Direct numerical simulation of Doppler laser cooling of ultra-cold ion plasmas in a Penning trap with a rotating wall

Ultra-cold ion crystals in Penning traps enable interesting research at the forefront of different areas of physics. Doppler laser cooling ions to a fraction of millikelvin allows the formation of a two-dimensional hexagonal structure. There are two major differences of Doppler cooling in a Penning trap when compared to neutral atom traps. The motion of ions is subject to the external trap electric and magnetic fields, as well as the Coulomb interactions between ions.
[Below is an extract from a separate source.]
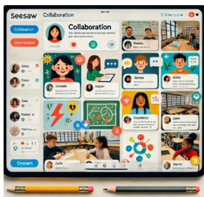
Gambar 4. Tampilan fitur kolaborasi dan interaksi pembelajaran bahasa inggris seesaw

Inggris. Melalui fitur ini, siswa dapat saling berbagi hasil tugas, memberikan komentar, serta berdiskusi secara aktif dengan teman-temannya. Aktivitas ini menciptakan lingkungan belajar yang lebih interaktif dan mendorong siswa untuk lebih percaya diri dalam menggunakan bahasa Inggris, baik secara lisan maupun tulisan. Hasil observasi kelas, terlihat bahwa siswa yang aktif berinteraksi dengan teman melalui Seesaw cenderung lebih cepat mengembangkan keterampilan bahasa mereka dibandingkan dengan siswa yang pasif. Mereka tidak hanya mengunggah tugas individu, tetapi juga terlibat dalam diskusi dengan memberikan tanggapan terhadap tugas teman. Interaksi ini memberikan kesempatan bagi siswa untuk mempelajari berbagai cara penyampaian ide serta memperkaya kosakata mereka. Selain itu, siswa yang awalnya kurang percaya diri dalam berbicara dan menulis menunjukkan peningkatan keberanian karena mereka merasa didukung oleh komunitas belajar yang positif.

We observe both exact crystal and non-equilibrium states can exist at extremely low temperature. The ion planar modes are separated into two branches, the higher frequency cyclotron and the lower frequency magnetron branch. The potential energy in the magnetron branch can be relatively large for non-equilibrium states even when the thermal kinetic energy is very low. A direct numerical simulation of many interacting ions in a Penning trap with a rotating wall is implemented to classically model the ions dynamics. Both axial and planar Doppler cooling are modelled using stochastic momentum impulses based on two-level atomic scattering rates. The numerical simulations help us characterize the ultra-cold ion crystal by observing the power spectrum density, mean square displacement and other detailed diagnostics.